This project aims to predict customer churn for a telecommunications company using tree-based and boosting machine learning models. The project includes comprehensive exploratory data analysis, cohort analysis, and the development of predictive models.
- Project Overview
- Project Structure
- Dataset
- Exploratory Data Analysis
- Predictive Modeling
- Results
- Conclusion
The main parts of this project include:
- Part 1: Comprehensive Exploratory Data Analysis
- Part 2: Churn Cohort Analysis
- Part 3: Tree-based and Boosting Machine Learning Predictive Models
- Part 4: Improve Models Performance by Oversampling Minority Class
The dataset used for this project is sourced from the IBM sample data set collection. It includes information about:
- Customers who left within the last month (Churn)
- Services that each customer has signed up for (phone, multiple lines, internet, online security, online backup, device protection, tech support, streaming TV and movies)
- Customer account information (tenure, contract, payment method, paperless billing, monthly charges, total charges)
- Demographic info (gender, age range, partners, dependents)

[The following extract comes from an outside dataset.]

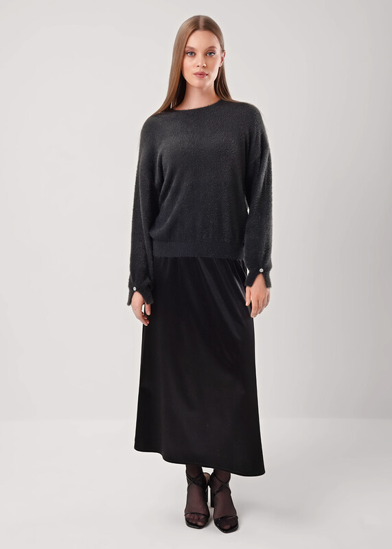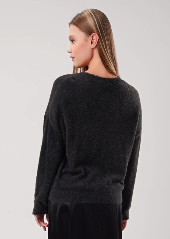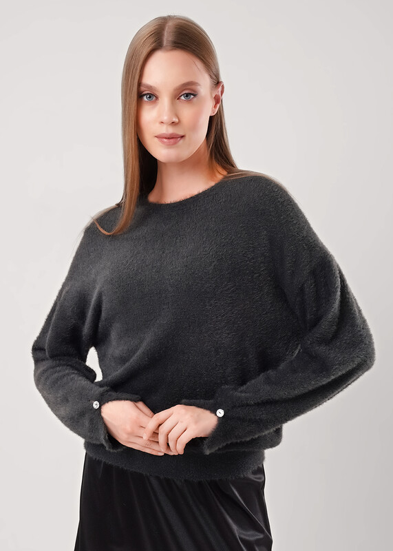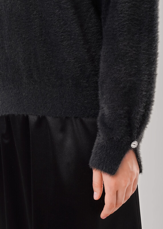 Производитель: Clever Вязаный джемпер умеренного объема, из фасонной пряжи ""травка"", переплетение гладь. Спущенная линия плеча, длинный рукав. Округлая горловина с бейкой. По низу изделия и рукавов узкие манжеты. По низу рукава разрез с пуговицей.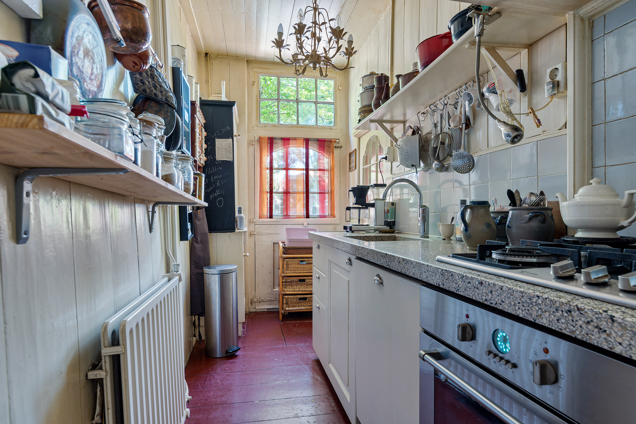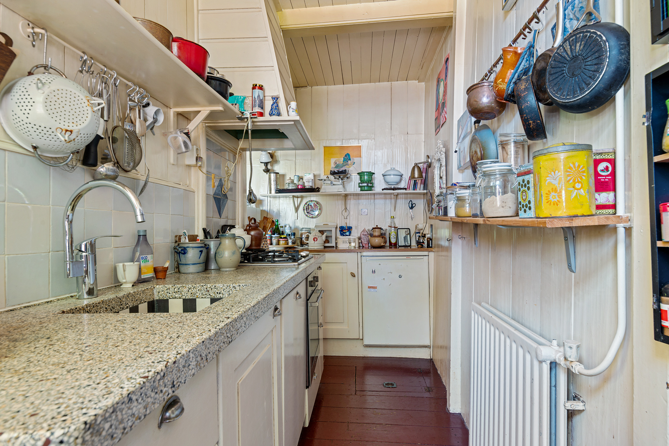 Aan de voorzijde is de keuken, waar aan twee kanten een opstelling staat die qua stijl perfect in deze woning past. Het aanrechtblad en de spoelbak zijn van terrazzo, en de lichtblauwe wandtegels zijn gelukkig behouden.

A detailed exploratory data analysis was conducted to understand the dataset, identify patterns, and gain insights. This involved checking for missing values, analyzing the distribution of features, and visualizing relationships between features and the target variable (Churn).

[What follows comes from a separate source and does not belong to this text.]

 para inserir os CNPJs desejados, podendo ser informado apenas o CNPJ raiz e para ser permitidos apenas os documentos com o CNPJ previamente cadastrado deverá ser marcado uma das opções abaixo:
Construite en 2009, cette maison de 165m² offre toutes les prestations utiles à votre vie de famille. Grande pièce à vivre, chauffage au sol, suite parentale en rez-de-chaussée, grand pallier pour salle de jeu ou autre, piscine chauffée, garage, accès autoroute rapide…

Tree-based and boosting models were implemented to predict customer churn. These models included:
- Decision Trees
- Random Forests
- Gradient Boosting Machines (GBM)
- Adabooster
The performance of the models was evaluated using metrics such as accuracy, recall, and F1-score. The results showed that the boosting methods predicted customer churn better when I performed oversampling of the minority class.
This project demonstrates the effectiveness of tree-based models combined with boosting methods in classification tasks such as the prediction of customer churn. Telecommunications companies can implement strategies to retain customers and reduce churn rates by identifying key factors contributing to churn.
To run this project, we need to have Python installed along with the following libraries:
- Numpy
- Pandas
- Matplotlib
- Seaborn
- Scikit-learn